[Opening EXERCISE DATA section]
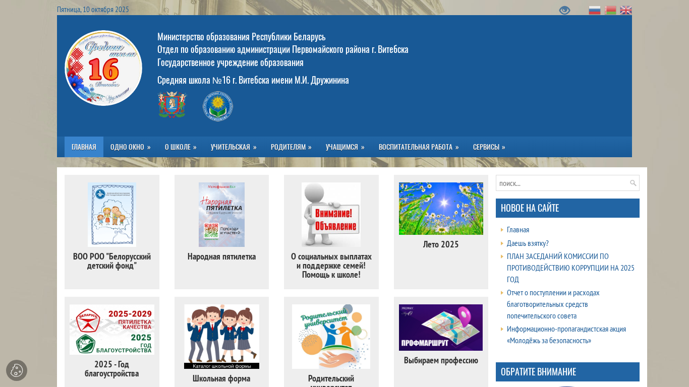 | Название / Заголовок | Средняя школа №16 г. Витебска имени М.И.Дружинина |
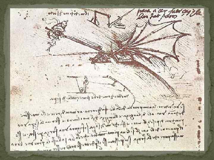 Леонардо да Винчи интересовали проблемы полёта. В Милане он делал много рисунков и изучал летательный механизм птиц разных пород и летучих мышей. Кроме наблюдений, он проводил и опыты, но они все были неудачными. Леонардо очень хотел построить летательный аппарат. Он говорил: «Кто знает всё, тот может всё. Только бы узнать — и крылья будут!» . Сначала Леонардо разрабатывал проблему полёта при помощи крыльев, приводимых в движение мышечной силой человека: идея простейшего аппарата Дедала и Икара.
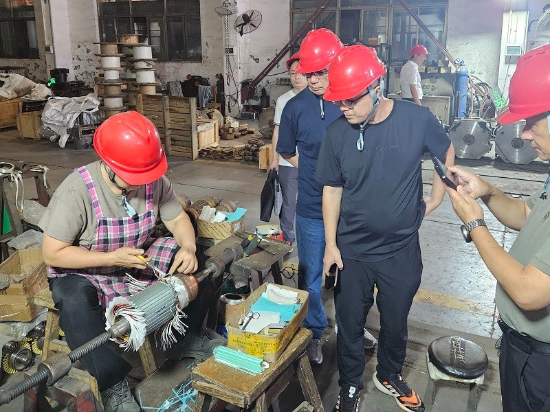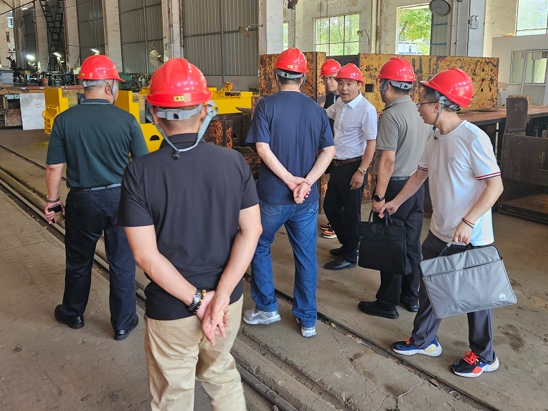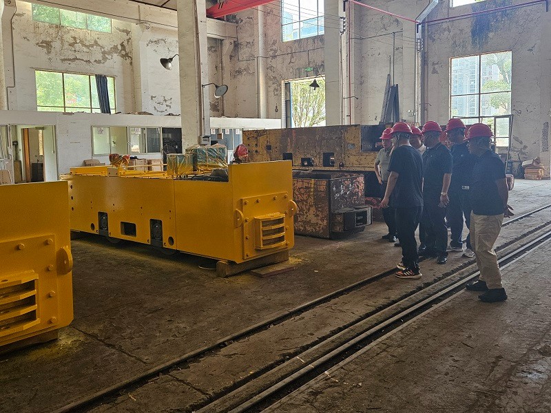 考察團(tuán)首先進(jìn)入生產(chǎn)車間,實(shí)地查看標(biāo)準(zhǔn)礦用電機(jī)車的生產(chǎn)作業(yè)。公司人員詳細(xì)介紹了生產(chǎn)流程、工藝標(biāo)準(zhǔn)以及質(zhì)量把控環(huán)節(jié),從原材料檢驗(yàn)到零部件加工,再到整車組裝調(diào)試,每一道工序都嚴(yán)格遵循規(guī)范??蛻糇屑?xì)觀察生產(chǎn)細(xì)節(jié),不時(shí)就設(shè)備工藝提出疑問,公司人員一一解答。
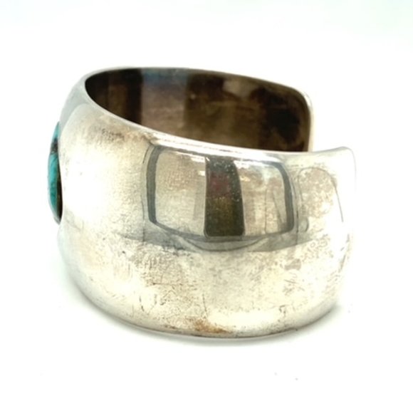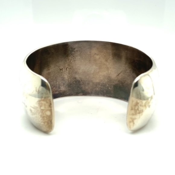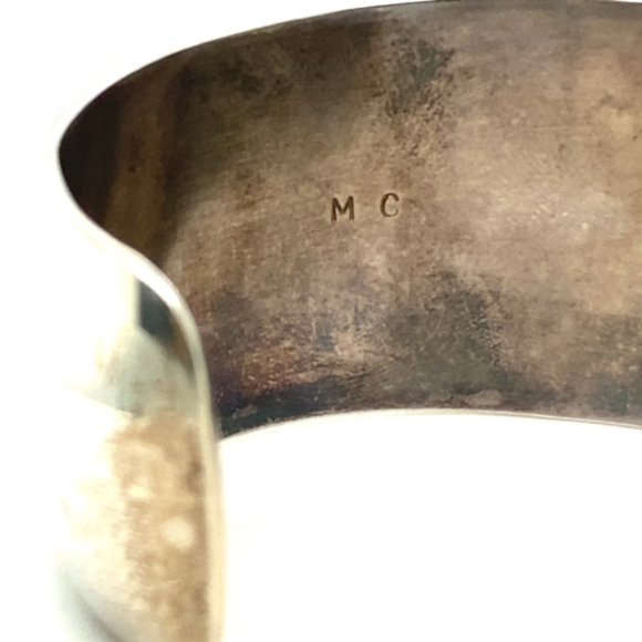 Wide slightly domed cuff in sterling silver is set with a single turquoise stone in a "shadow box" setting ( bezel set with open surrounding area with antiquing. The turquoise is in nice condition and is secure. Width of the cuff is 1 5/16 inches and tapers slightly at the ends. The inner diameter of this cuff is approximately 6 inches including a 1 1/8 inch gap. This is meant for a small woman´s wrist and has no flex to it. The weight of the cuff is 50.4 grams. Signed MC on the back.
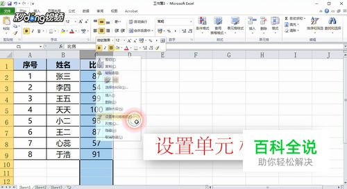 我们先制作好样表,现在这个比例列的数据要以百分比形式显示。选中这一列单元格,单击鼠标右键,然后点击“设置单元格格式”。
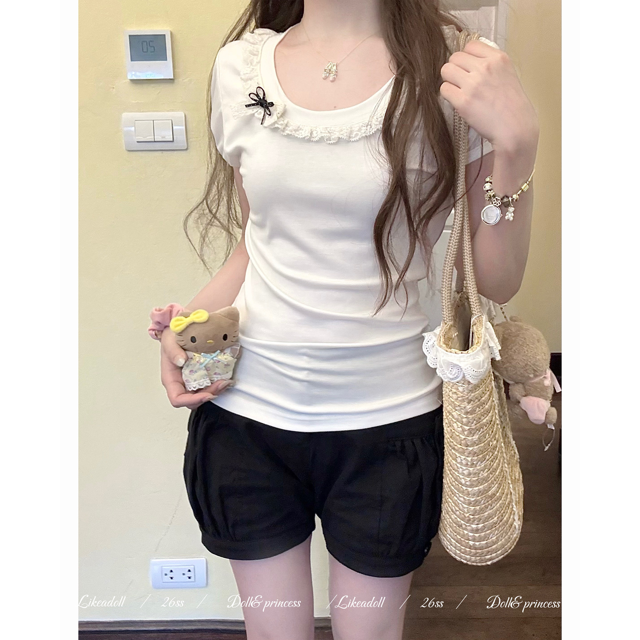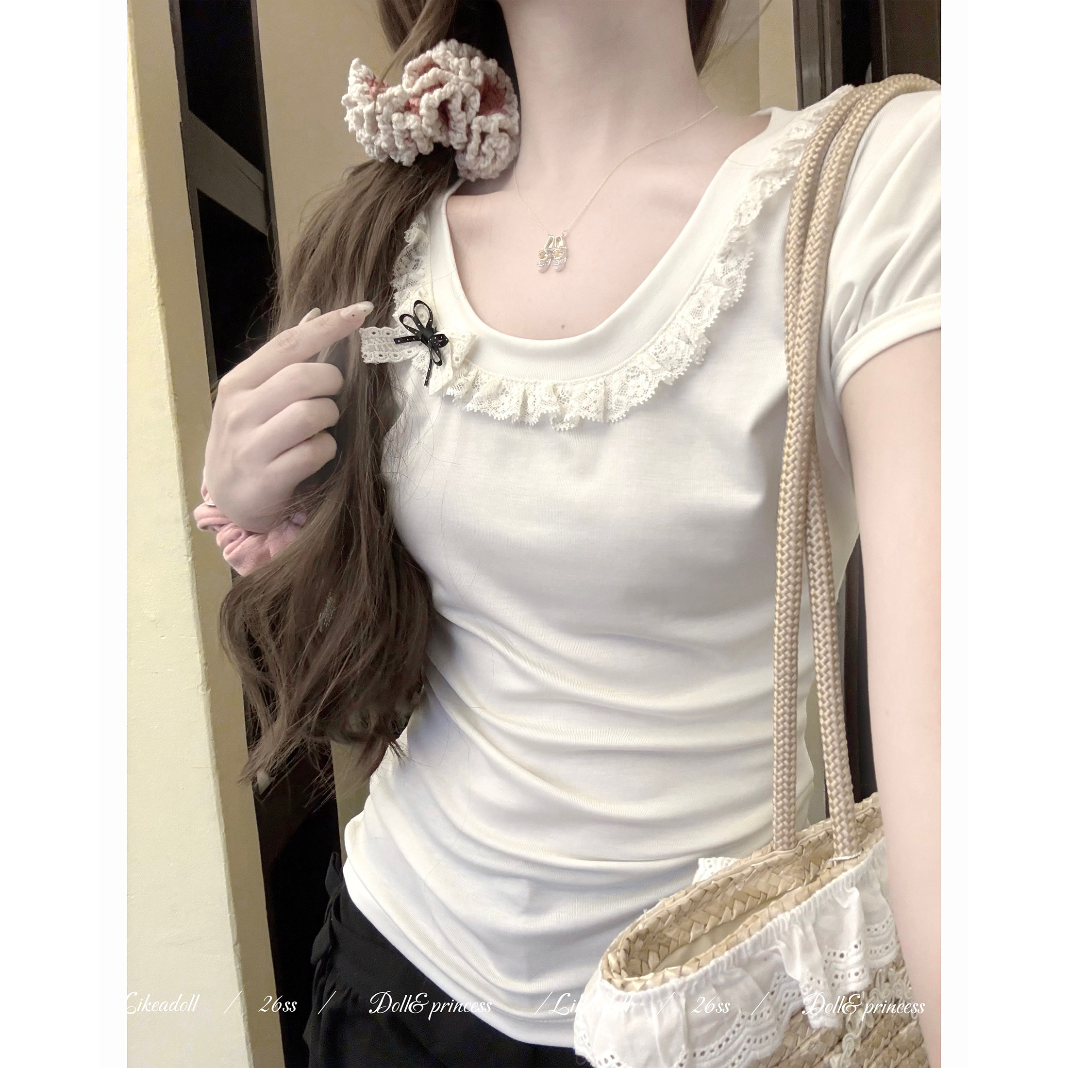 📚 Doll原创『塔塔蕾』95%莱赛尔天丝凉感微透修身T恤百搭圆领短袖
[Closing EXERCISE DATA section]
[Opening EXERCISE DATA section]
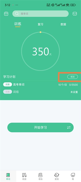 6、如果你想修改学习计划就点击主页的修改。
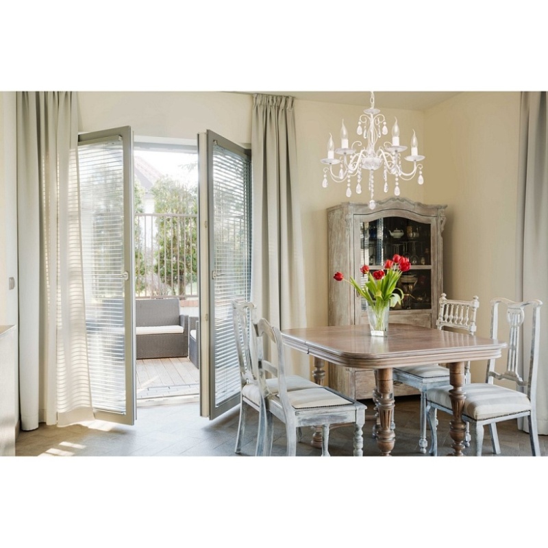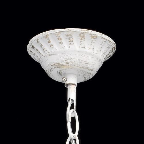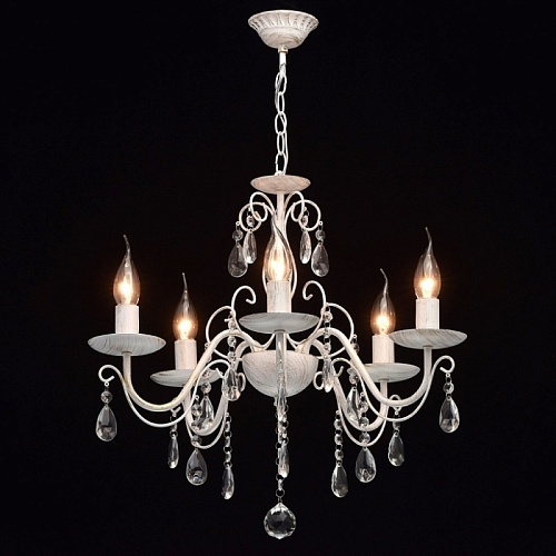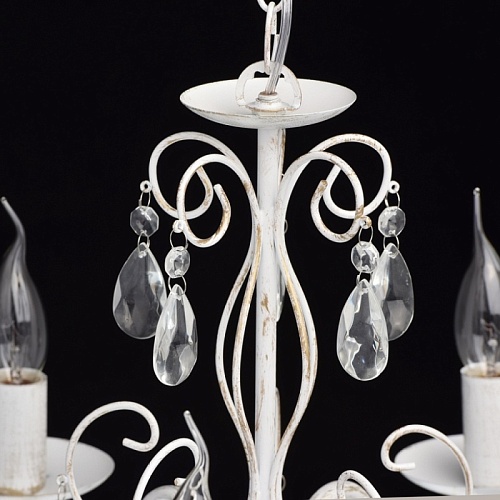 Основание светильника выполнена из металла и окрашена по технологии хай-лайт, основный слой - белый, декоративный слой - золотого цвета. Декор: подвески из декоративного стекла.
[Closing EXERCISE DATA section]
[Opening EXERCISE DATA section]
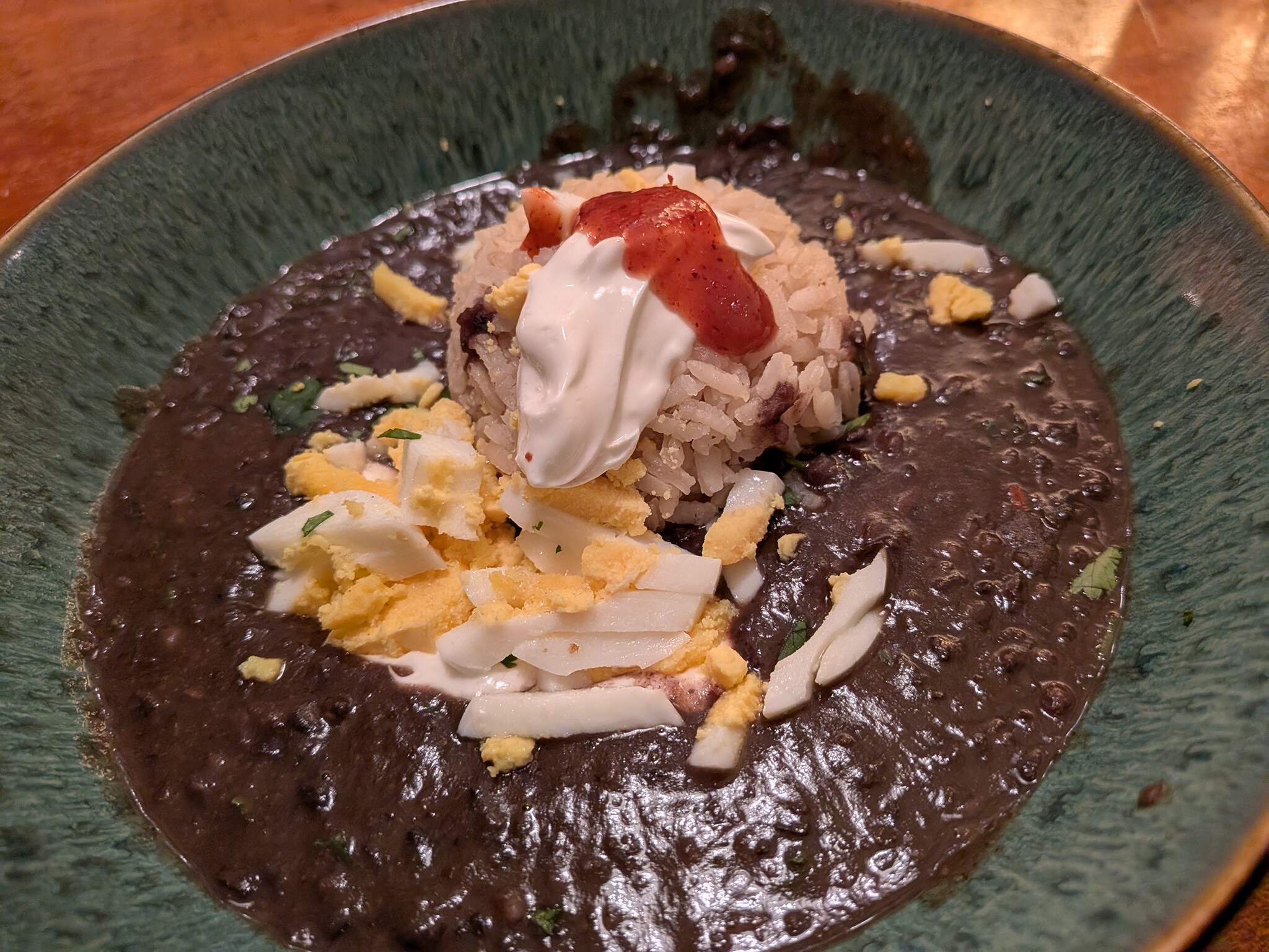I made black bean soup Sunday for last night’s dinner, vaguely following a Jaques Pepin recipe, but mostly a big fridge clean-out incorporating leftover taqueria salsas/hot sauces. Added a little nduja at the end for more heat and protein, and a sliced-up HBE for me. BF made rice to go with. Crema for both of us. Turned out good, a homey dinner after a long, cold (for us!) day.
[Closing EXERCISE DATA section]
* **WORK ORDER**
The stretch to restate runs from the line above containing "6、如果你想修改学习计划就点击主页的修改。" through the line containing "Основание светильника выполнена". Copy it word for word, ends included, without pictures.

* **ANSWER BOX**
 6、如果你想修改学习计划就点击主页的修改。
 Основание светильника выполнена из металла и окрашена по технологии хай-лайт, основный слой - белый, декоративный слой - золотого цвета. Декор: подвески из декоративного стекла.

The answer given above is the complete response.